If simplicity is what you’re craving, perhaps Lockbin is your solution. The free/subscription-based service requires no signup and uses the Cloud to send AES-256 bit encrypted email. Actually, AES-256 bit is used while the email is at “rest” (stored) and 256-bit TLS/SSL while in transit. This is another service that relies on a password for decryption, so users need to make sure the other party has the required information. While Lockbin notes on its website that its service isn’t perfect, it is light and the easiest to use in a pinch—simply write your email in the company’s “Send Message” page and hit send, nothing more, nothing less. They do offer paid subscriptions that allow access for multiple users, as well as an Outlook add-in and the ability to send and receive files.

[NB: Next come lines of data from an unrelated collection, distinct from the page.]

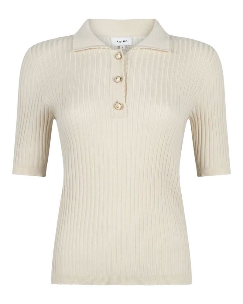 De Aaiko Julia Top VIS 302 is een elegante, fijngebreide polo met een vrouwelijke, aansluitende pasvorm. De geribbelde structuur geeft deze dames top een subtiele, stijlvolle textuur, terwijl de korte mouwen en klassieke polo kraag met knoopsluiting zorgen voor een sportieve, verzorgde uitstraling. Het zachte stretchmateriaal beweegt soepel met je mee en biedt een comfortabel draaggevoel gedurende de dag. Deze veelzijdige top is ideaal te combineren met de Aaiko Esila Broek PU 689 voor een moderne, gestroomlijnde outfit die zowel casual als chique gedragen kan worden. Dankzij het tijdloze ontwerp is de Aaiko Julia Top gemakkelijk te mixen met andere Aaiko kledingitems, waardoor je eindeloos kunt variëren en stijlvolle combinaties creëert. Het aansluitende model benadrukt het silhouet op een elegante manier en maakt het een must-have basisstuk voor elke garderobe. Een perfecte keuze voor dames die houden van moderne, draagbare en veelzijdige kleding met een sportieve touch en een stijlvolle uitstraling.
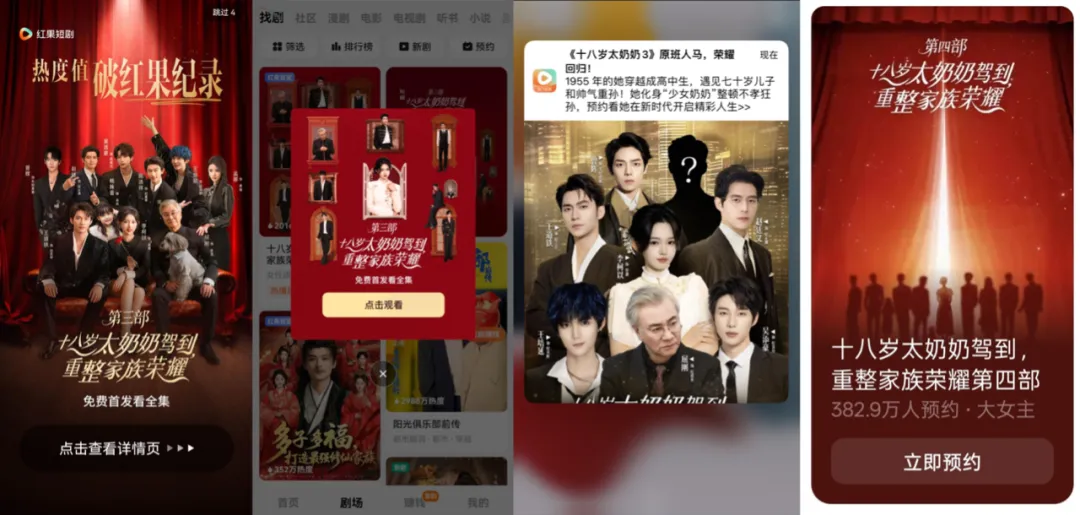 当系列新作上线时,红果会通过站内信、推送、专属海报等方式,主动触达预约用户和前作观众。这种“被惦记”的感觉,进一步提升了用户的好感度和观看意愿。以《太奶奶3》为例,首日播放中预约用户占比高达46.45%,充分印证了红果短剧预约机制和推广运营策略的成功。
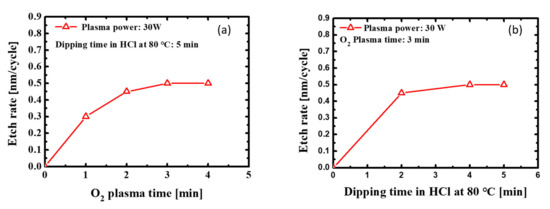 To examine the effect of the O2 plasma time, several O2 plasma times were considered for a fixed HCl dipping time. As shown in Figure 6, the etch rate per cycle increased as the O2 plasma time increased to 3 min. After 3 min, the etch rate remained constant. Under a fixed plasma oxidation time of 3 min and varying HCl dipping times, the etch rate increased as the HCl dipping time increased to 4 min and then stabilized.
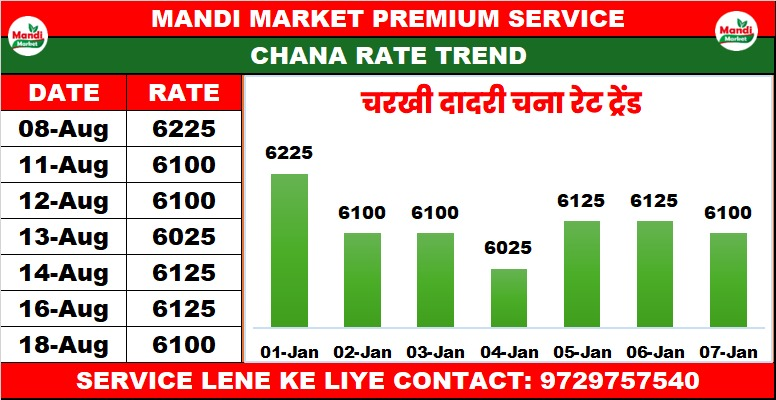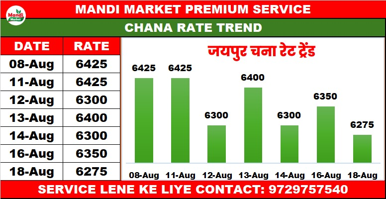 चना काँटा भाव ₹ 6200/6225 मंदी ₹ 75
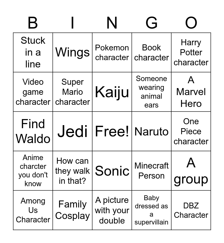 This bingo card has a free space and 30 words: Family Cosplay, Storm Trooper, Jedi, Giant Weapon, Stuck in a line, Pokemon character, Super Mario character, Sonic, Naruto, A picture with your double, One Piece character, DBZ Character, Baby dressed as a supervillain, Fake Battle, A Marvel Hero, A DC Hero, Minecraft Person, Anime charcter you don't know, How can they walk in that?, Harry Potter character, Find Waldo, Disney character, Wings, Someone wearing animal ears, Video game character, Book character, A group, Among Us Character, Kaiju and Anime hair.
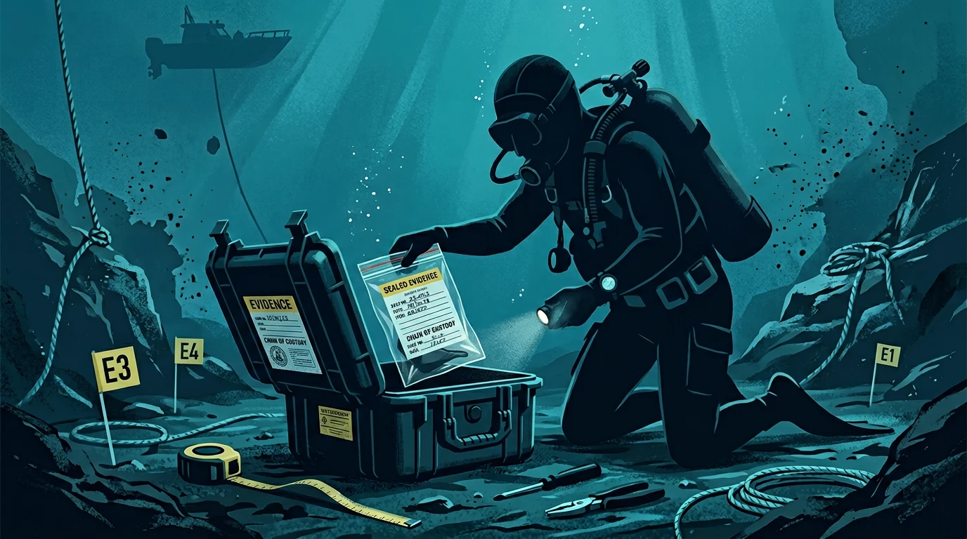 Analiza las implicaciones técnico-legales del manejo de evidencias en escenarios acuáticos y subacuáticos, con énfasis en dirección funcional, cadena de custodia, acreditación del personal buzo y admisibilidad de la prueba.
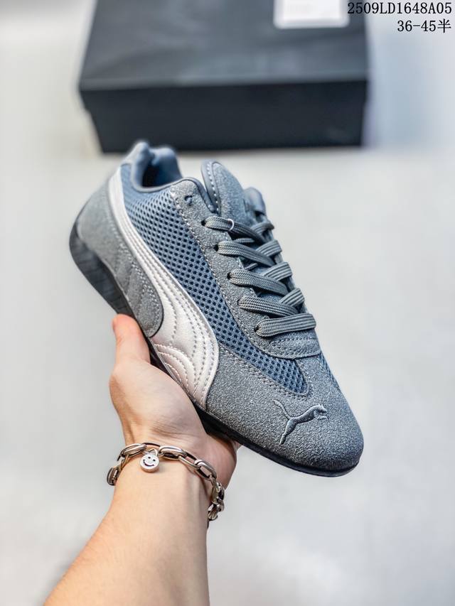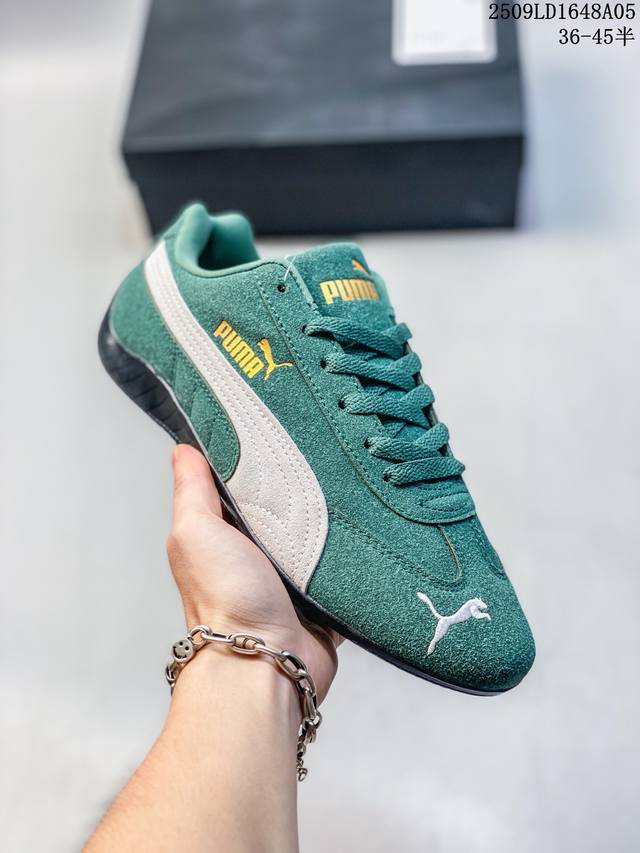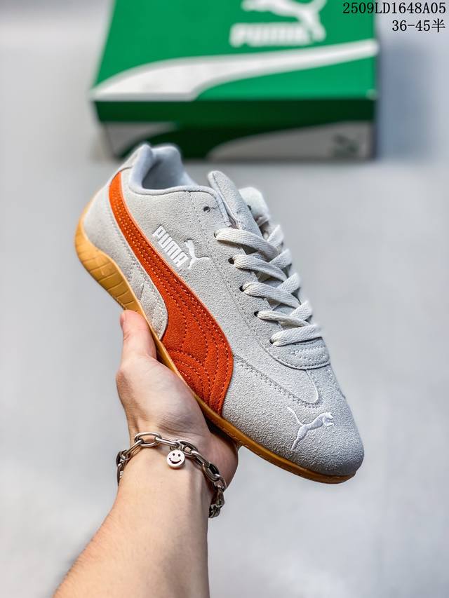 puma Speedcat Og, a versatile piece from the Puma Roma Amor series, is a retro sports and leisure racing shoe that leads the trend with its fun and avant-garde retro design, integrating the spirit of the racetrack into street fashion and embarking on an avant-garde racing journey. The Roma shoe features a retro streamlined shape on the side of the shoe, embellished with the classic BMW logo, which cleverly attracts the eye. The Speedcat shoe features a bright three-color stripe element on the comfortable upper, giving it a unique personality and aesthetic, interpreting the endless energy of racing. Official article number:
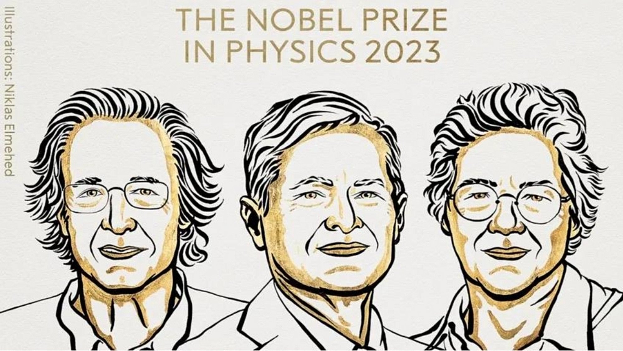 2023 Nobel Fizik Ödülü, maddedeki elektron dinamiklerinin incelenmesi için atosaniye ışık atımları üreten deneysel yöntemler geliştiren üç bilim insanına verildi. Bu yöntemler, atom ve moleküllerin içindeki elektronların hareket ettiği veya enerji değiştirdiği hızlı süreçleri ölçmek için kullanılabiliyor. Ödülün sahipleri şunlardır:
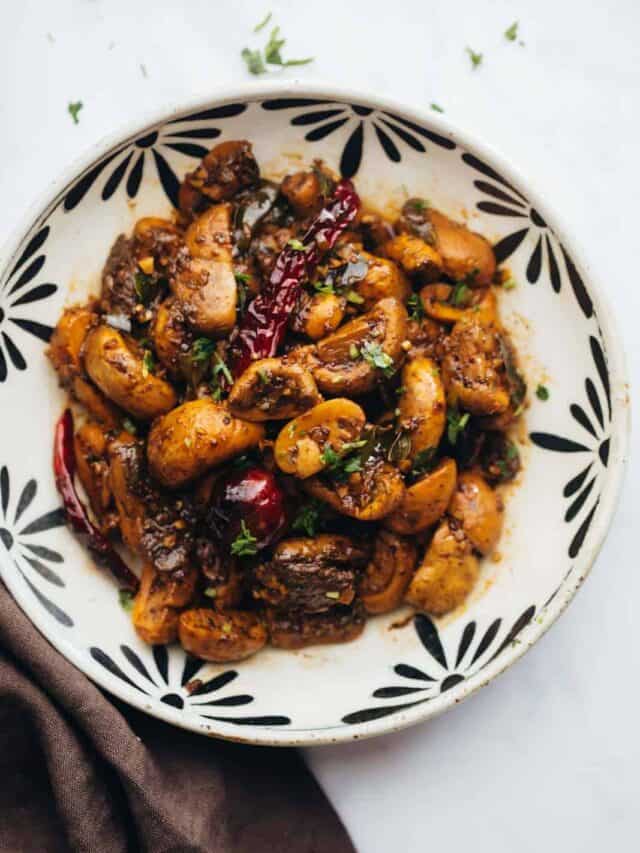 Mushroom Pepper Fry is a quick South Indian-style stir-fry made with mushrooms, onions, crushed black pepper, and curry leaves. It is spicy, aromatic, and pairs well with rice or chapati.
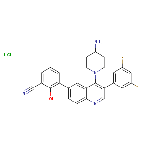 | SMILES | C(c1c(c(ccc1)-c2cc3c(c(cnc3cc2)-c4cc(cc(c4)F)F)N5CCC(CC5)N)O)#N.Cl |
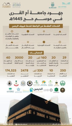 أوضح رئيس جامعة أمِّ القُرى أ. د. معدي بن محمد آل مذهب أن الجامعة تبذل سنويًّا الكثير من الجهود الحثيثة لخدمة حجاج بيت الله الحرام والمعتمرين؛ مُسخِّرة بذلك طاقاتها: البشريَّة، والعلميَّة، والبحثيَّة، والإداريَّة؛ وغيرها لتوفير أفضل الخدمات؛ وذلك انطلاقًا من اهتمام المملكة العربيَّة السُّعوديَّة والقيادة الرشيدة بتطوير وتحسين تجربة ضيوف الرحمن، وتقديم أفضل الخدمات لهم.
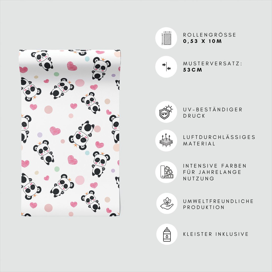 Odkryj piękno i funkcjonalność tapety z motywem dziecięca, panda, serca, korony. To połączenie wyjątkowego wzornictwa z łatwością aplikacji, doskonałe do każdego pomieszczenia.
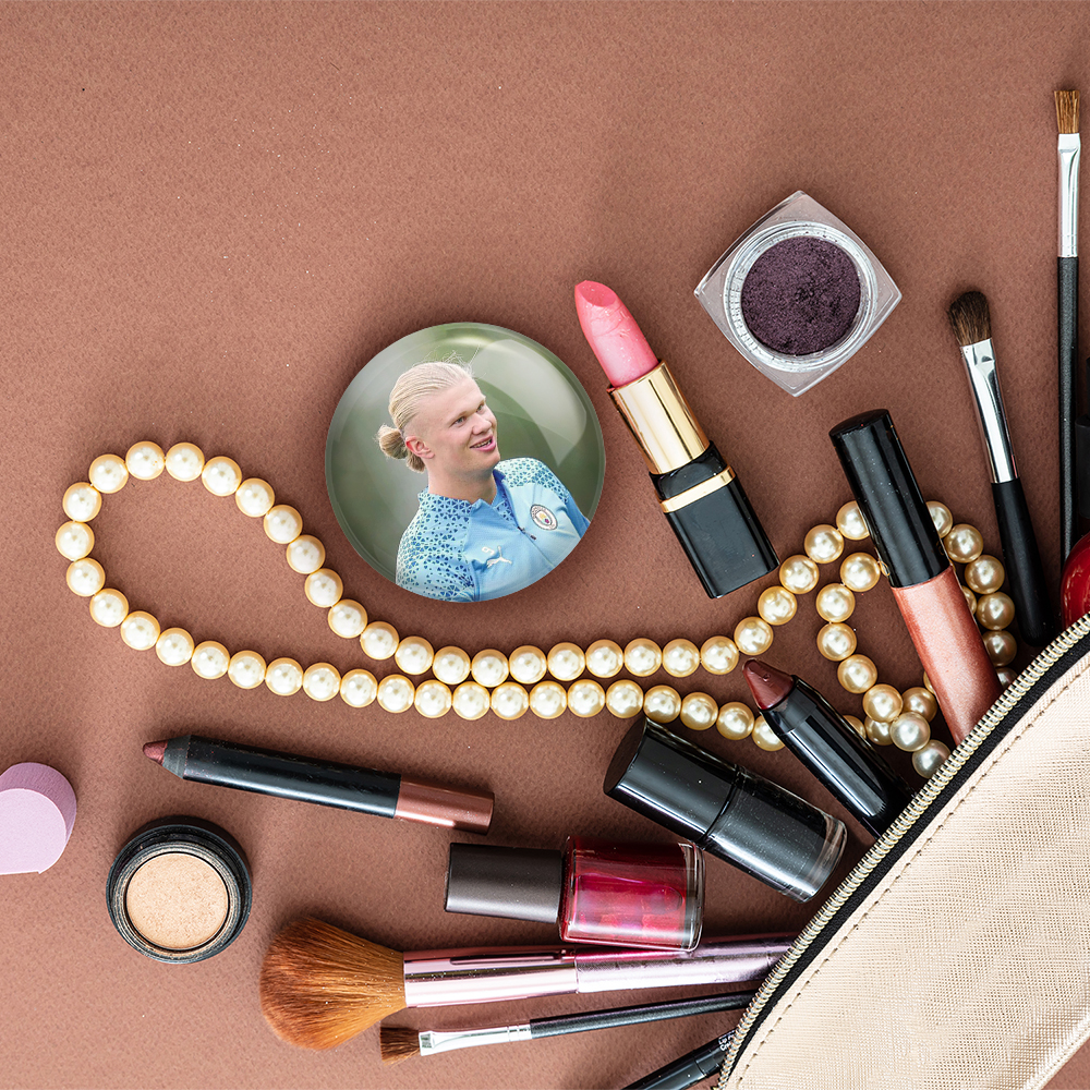آینه های جیبی ارلینگ هالند (Erling Haaland) خندالو دایره ای به قطر 7.5 سانتی متر می باشد که نه خیلی بزرگ و غیر قابل استفاده در کیف آرایشی ست و نه خیلی کوچک که تصویر خاصی در آن مشاهده نشود. سایزی استاندارد و کارآمد دارد و مناسب قرار گیری در کیف لوازم آرایش و کیف های کوچک دستی نیز هست.
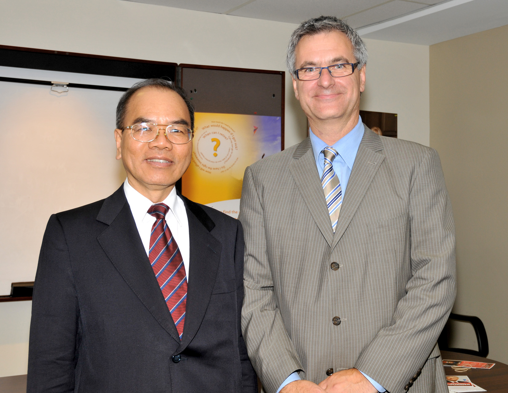 Bộ trưởng Jean-Marc Fournier và các cộng tác viên gốc Việt: Jean-Francois Tran (trái), Marie Madeleine Cao (giữa), giám dốc điều hành của Cộng đông Người Việt Quốc gia vùng Montréal, thành viên comìté de VIGIE

Setting up your own private email server is another option that can be used for security.
Another option for keeping emails private and secure is to create your own server (it worked for Hillary, right?). While this is one of the more secure ways to keep email from prying eyes, it can still fall prey to hackers and it can be a difficult task to accomplish. Private servers can be built using a home PC or workstation, but it can be a daunting task as you must also install the server software and then a host of other applications—mail transfer agent, delivery agent, and IMAP or POP3 protocols. Another option is to simply “buy” a cloud-based server such as RackSpace or Linode; however, these can be expensive and security is only as tough as the hosting software provides.
While there are a host of options that provide a reasonably secure way of sending and receiving email, it would seem the best option is to revert to pen and paper, and snail-mail the message conventionally.